===== RECORDS FOR THE TASK

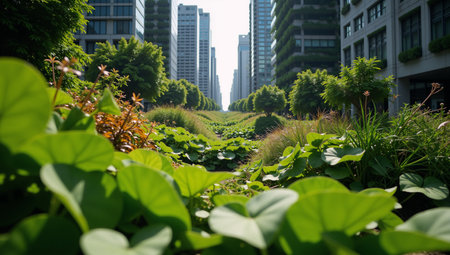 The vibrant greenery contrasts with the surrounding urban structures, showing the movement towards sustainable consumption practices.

==========
===== RECORDS FOR THE TASK

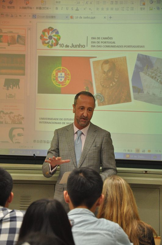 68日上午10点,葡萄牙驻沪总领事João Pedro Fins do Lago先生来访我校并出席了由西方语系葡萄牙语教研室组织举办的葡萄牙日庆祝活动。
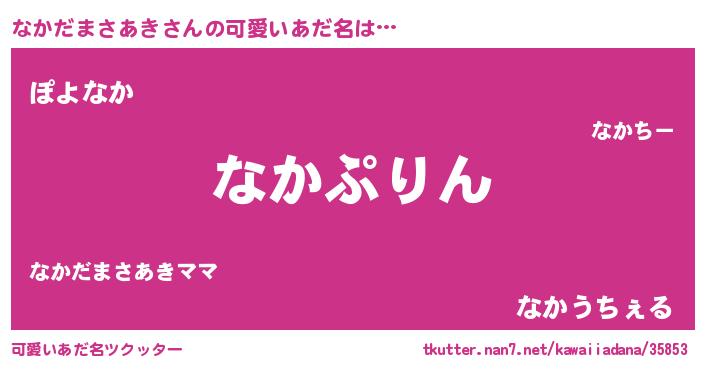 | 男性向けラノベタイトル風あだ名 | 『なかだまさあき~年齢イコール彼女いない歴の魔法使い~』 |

==========

* _WHAT IS BEING ASKED_
With the pictures omitted, restate word for word the lines above from the line that has "68日上午10点,葡萄牙驻沪总领事João Pedro Fins" up to and including the line that has "男性向けラノベタイトル風あだ名 | 『なかだまさあき~年齢イコール彼女いない歴の魔法使い~』 |", and no other lines.

* _RESPONSE BELOW_
 68日上午10点,葡萄牙驻沪总领事João Pedro Fins do Lago先生来访我校并出席了由西方语系葡萄牙语教研室组织举办的葡萄牙日庆祝活动。
 | 男性向けラノベタイトル風あだ名 | 『なかだまさあき~年齢イコール彼女いない歴の魔法使い~』 |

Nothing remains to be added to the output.